Yup it's possible  :Smile: . That is my family machine it's running gentoo linux with gentoo-dev-sources and gnome. It isn't really that slow, no complaints to speed compared to old win2k from family soo  :Razz: 

----------

## Admiral LSD

I run Gentoo as a server on a P2 450 here, it's not super fast but it gets the job done. Not running X or any kind of WM/DE (over kill for a server anyway) helps a lot though.

----------

## Zepp

oh forgot to mention ram on that comp is only 256meg of sdram too.

----------

## dr slizer

Not a Gentoo expirence, but a Debian experience.

When I and a friend worked on setting up a OpenMosix cluster as a project in school we installed X and Fluxbox on the fastest node. A  Pentium II 300MHz with 128MB RAM. There were no problems at all running fluxbox in it, although it could be bit slow when many pages where open in Mozilla. So using a more lightweight browser would be good if you don't have much RAM.

----------

## carpman

I run gentoo on p2 333 laptop with 192mb ram. I use xfce4,fluxbox,windowsmaker and it runs fine, even use a couple of kde apps that a bit longer to load but work fine. I use 02 but may try 0s.

I have even installed gentoo on 233/128mb and it ran ok with fluxbox.
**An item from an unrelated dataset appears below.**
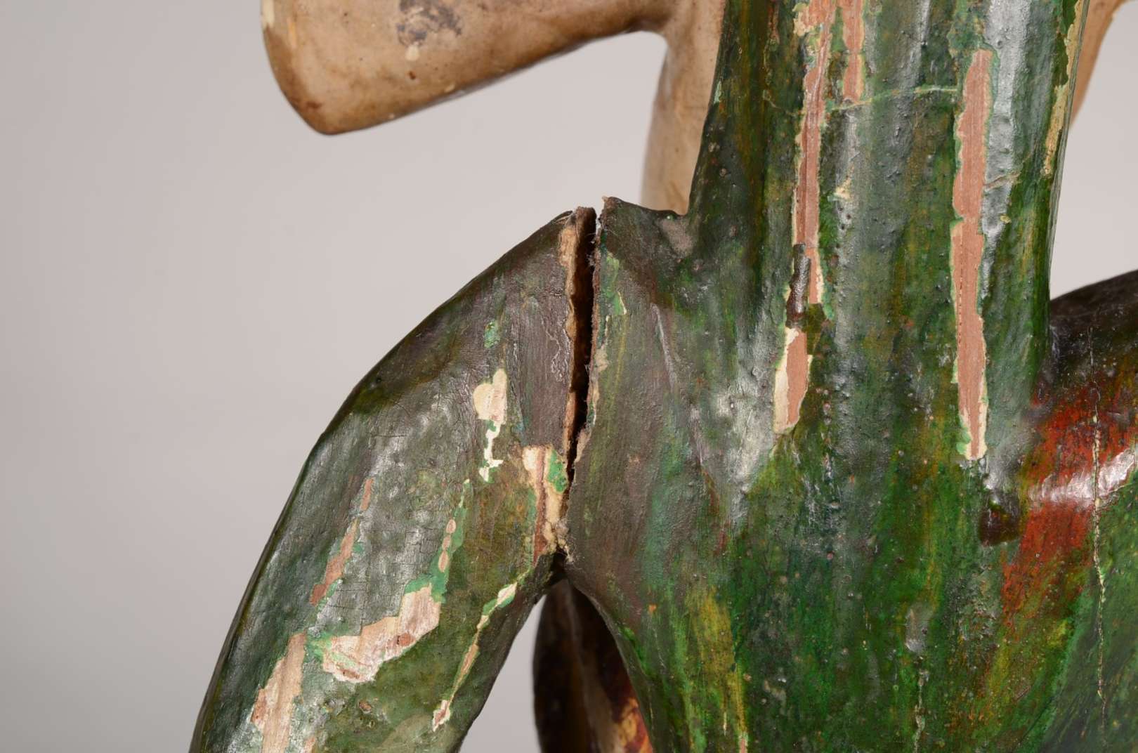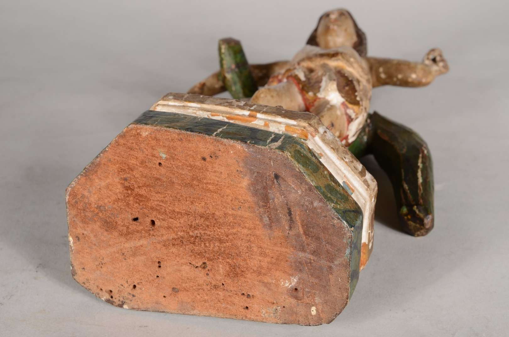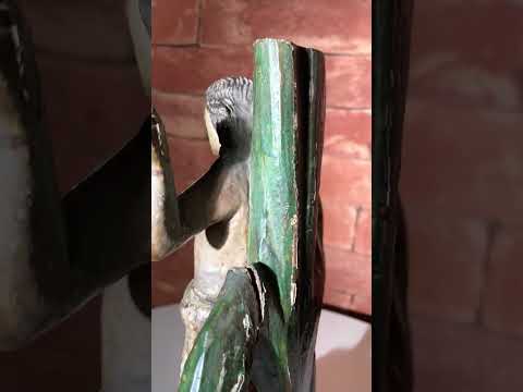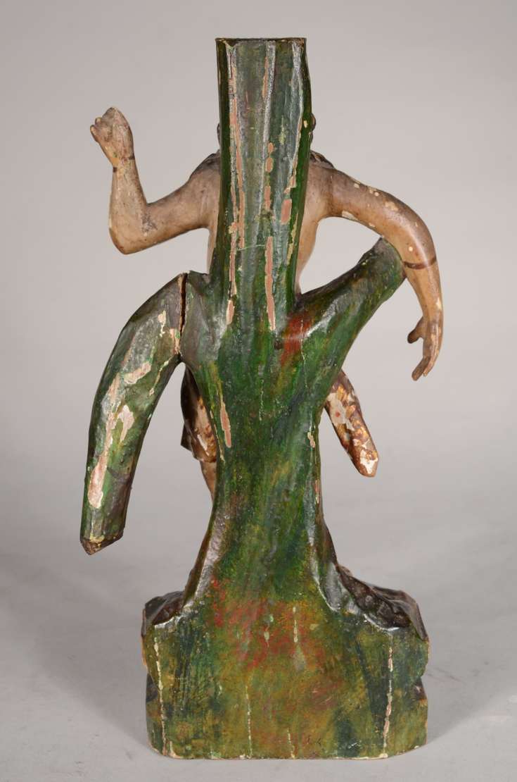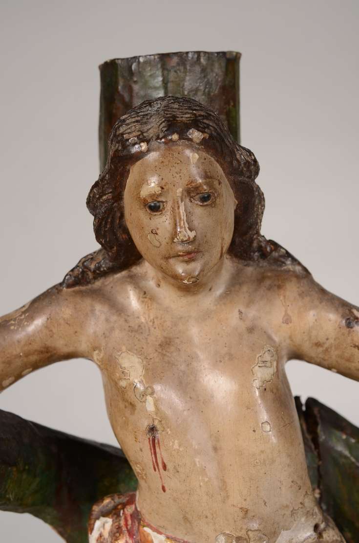 Escultura de madeira representando torso masculino.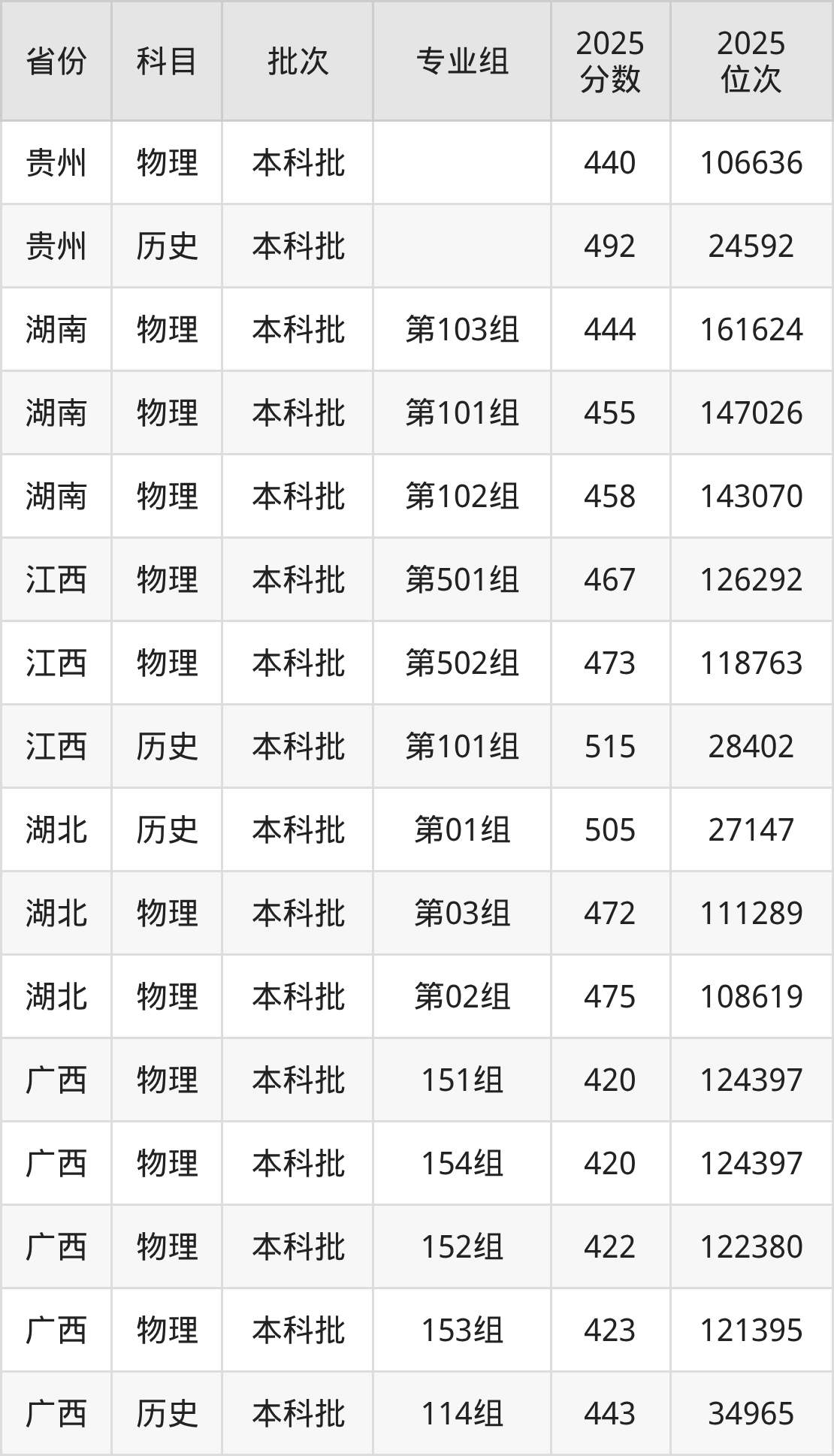 2025年在本科物理类进行招生,各专业组分数线详情如下:

Showed my laptop to xp user who has 800 p3 with 256mb and he was very impressed with the speed and how much faster i could load apps and move windows about  :Smile: 

----------

## malv

I installed gentoo on a PentiumPro 200MHz with 128MB of ram and a 200Gb hd.

I use distcc in order to have a fast 2.8GHz P4 help compliling.
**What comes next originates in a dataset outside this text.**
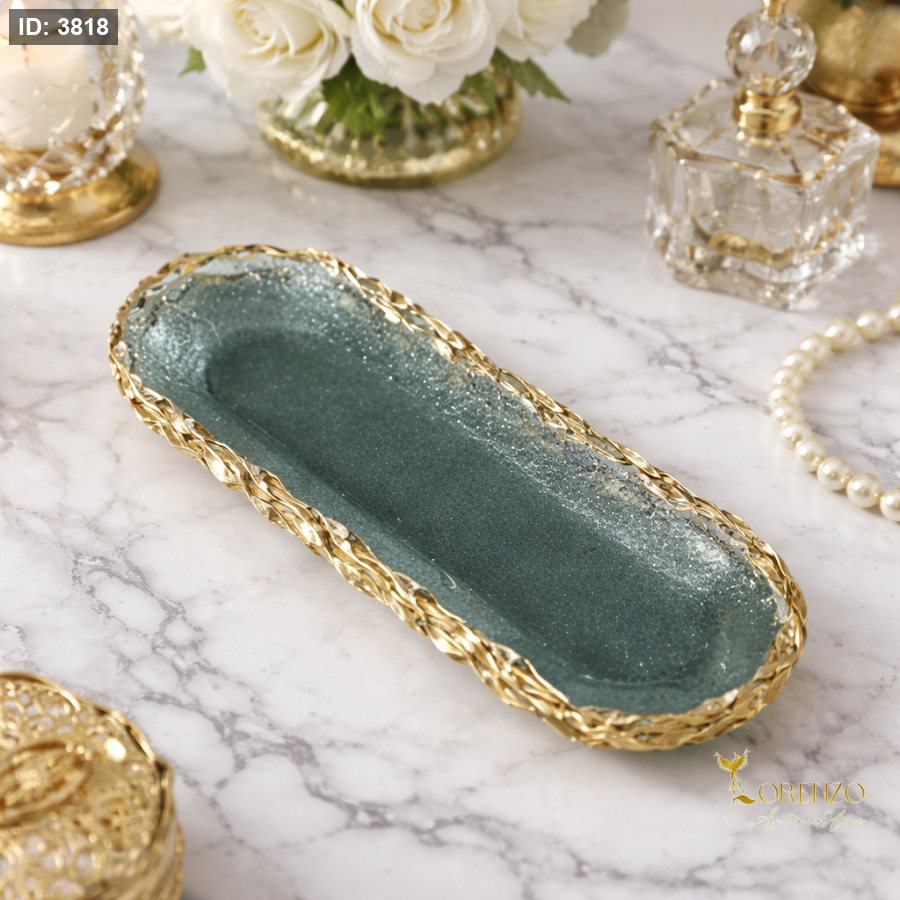 جاط صينية أنيقة بتصميم طويل وانسيابي تضيف لمسة فخامة لأي طاولة أو ديكور منزلي. تأتي بقاعدة زجاجية بلون أخضر داكن غني مع لمعة ناعمة تعكس الضوء بشكل جذاب، محاطة بإطار ذهبي مجدول يمنحها طابعًا راقيًا وفريدًا.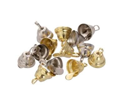 Clochettes en métal, couleurs : argenté et doré, dim. : 1,2 cm, contenu : 48 clochettes.

I don't know about gnome, but I managed to install kde from the binary CD. I guess compliling this would have been almost insane. I plan to switch to gnome but haven' t tried with the new 2004.2 binary CD. I also can run MySQL and PyQt/eric3 on it. For many things, response time is quite acceptable.

I mainly use this system as a backup for my other computers via shfs.

malv

----------

## rbr28

Linux will run fine on a P2, it's all in how you configure it.  I have installed linux on a P133 with 32MB and run Xfce on it with no problem.  Sure, I'm also used to running it on high-end servers, and 3Ghz+ desktops, and it's not the same experience, but it works for what you would likely use it for on such systems.Last edited by rbr28 on Sun Aug 15, 2004 10:39 pm; edited 1 time in total

----------

## Nuuul

Sure it will  :Smile: 

In fact, I'm posting this message on a PII 366Mhz (tecra laptop).
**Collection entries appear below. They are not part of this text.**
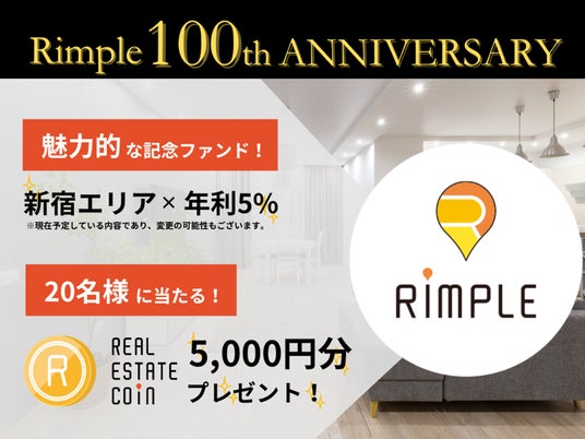 また、皆様に新しい「投資の形」の一つに不動産型クラウドファンディングがあることを知ってもらうため、今回は「Rimple's Selection #100 記念キャンペーン」として、新規に「Rimple」への会員登録とファンドへの応募が完了した方に抽選でリアルエステートコインが20名様に当たるキャンペーンを開催いたします。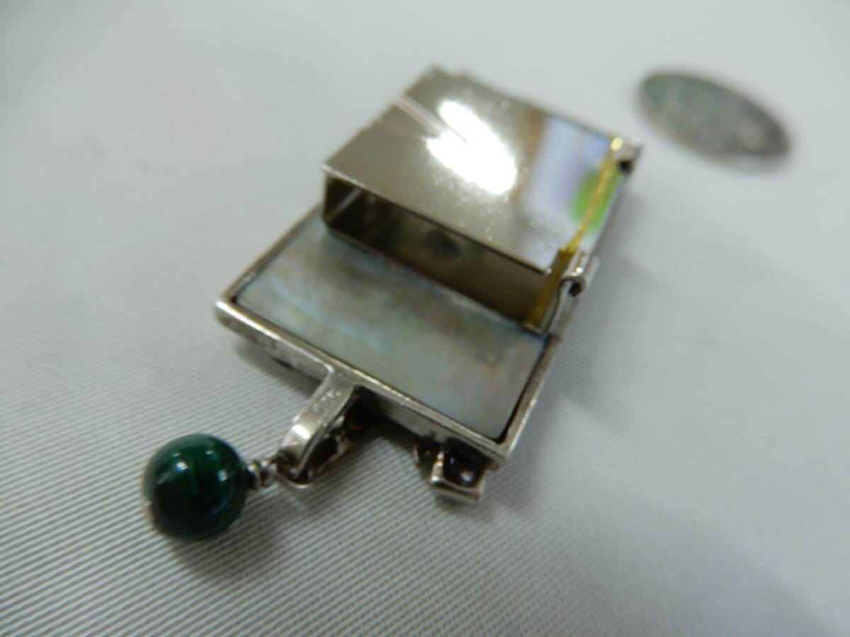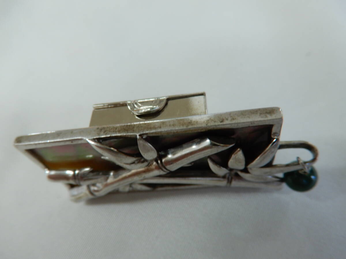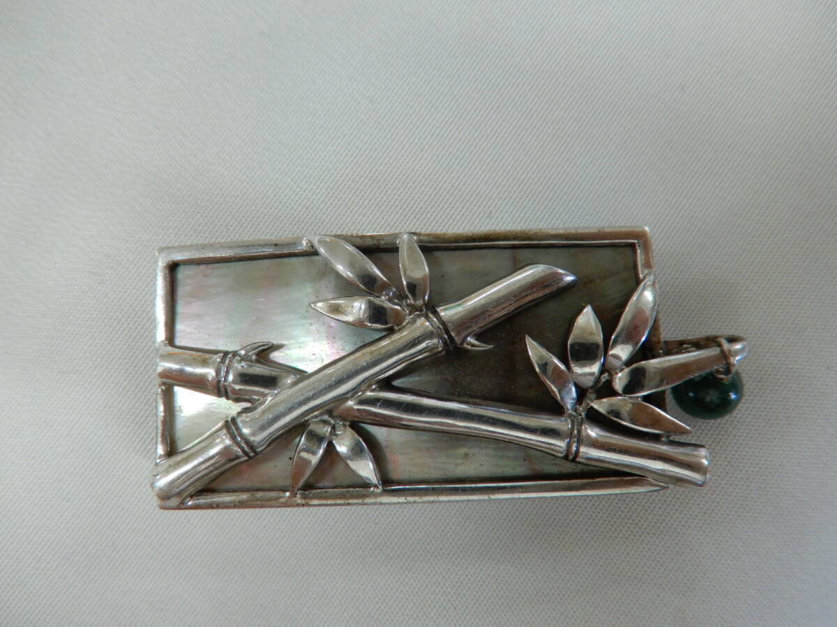 <銀の斧>925刻印あり・銀枠・貝製帯留め・小さな石付き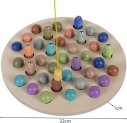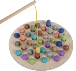 Ta lesena magnetna igra lovljenja ribic je odlična izbira za razvoj otroških veščin. Otroci lovijo barvite ribice z magnetno palico, razvrščajo kroglice ter vadijo rokovanje s ščipalkami in paličicami. Spodbuja logično razmišljanje, spomin in spretnost ter hkrati prinaša veliko veselja.
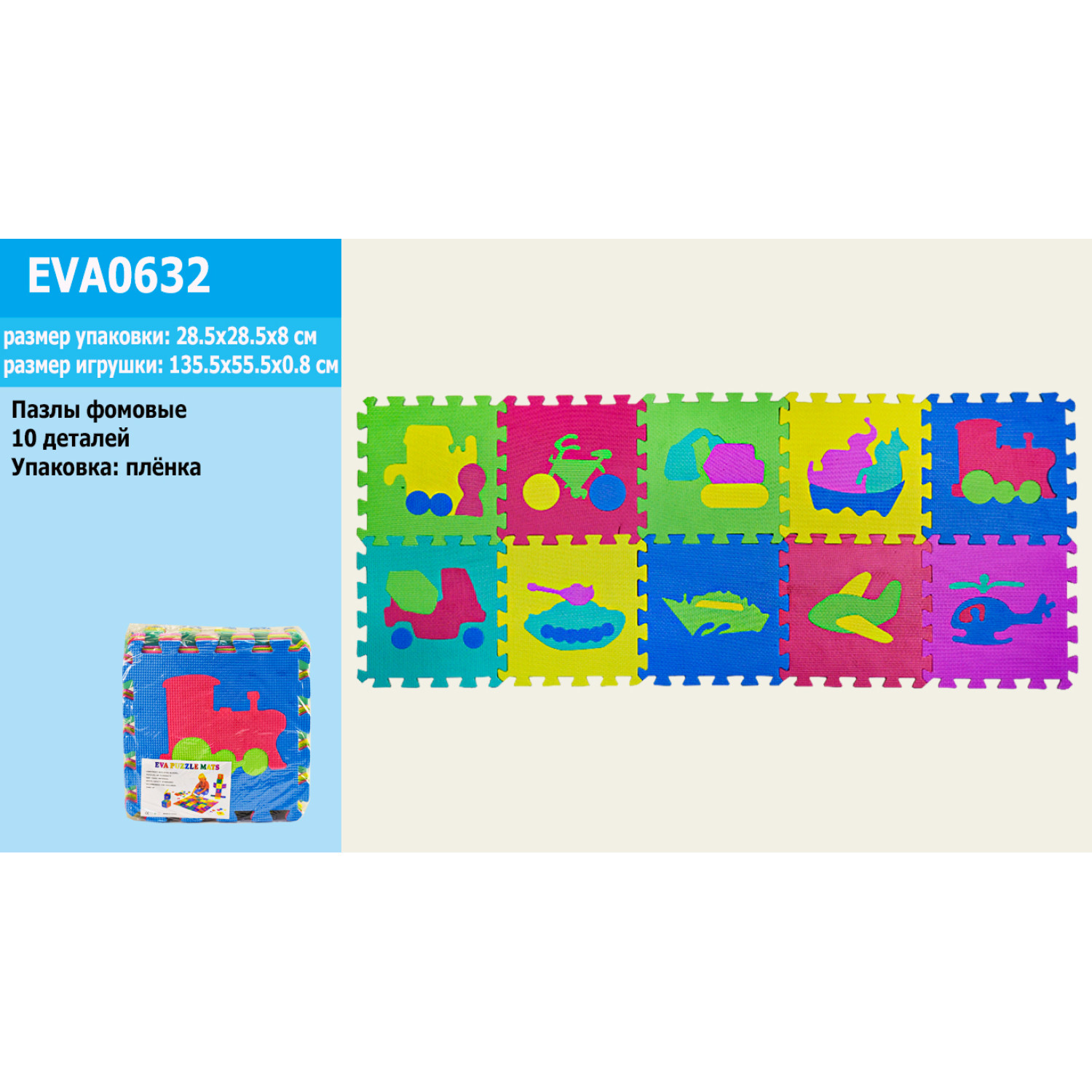 Пазлы фомовые Танспорт 10 деталей, размер одной детали 28,5*28,5*0.8см Материал ЕVA, из которого изготовлены детали коврика-пазла довольно лёгкий и малыш беспроблемно сможет их поднимать

It used to be a 266, but I swapped the cpu and increased RAM (big difference).

Installed it from stage1.

Call me nuts, but I spend last week running Acovea (scripts to determine the best CFLAGS/CXXFLAGS for your architecture), and with good results.

Running XFCE on top of X also, too sloppy with gnome/kde for me.

----------

## tsunam

About to go to bed so this'll be very quick.

My very first install of Gentoo is and still is on a p3 500, not much better then a pentium 2  300 or so. Sure It does take a while to compile things...2 days for x and kde at that time. It was a learning experience though and once it was up and running it does what I need it to do, without any really noticalble lag. Now my laptop is blazing compared to it.

I'm gong to be reinstalling the p3 500 soon from scratch since I've learned so much in the year since I installed it and want to have it be a nice clean properly configured stage 1 installer (I did stage 3 initially). Using Distcc to help you compile will also make it a lot less painful.

----------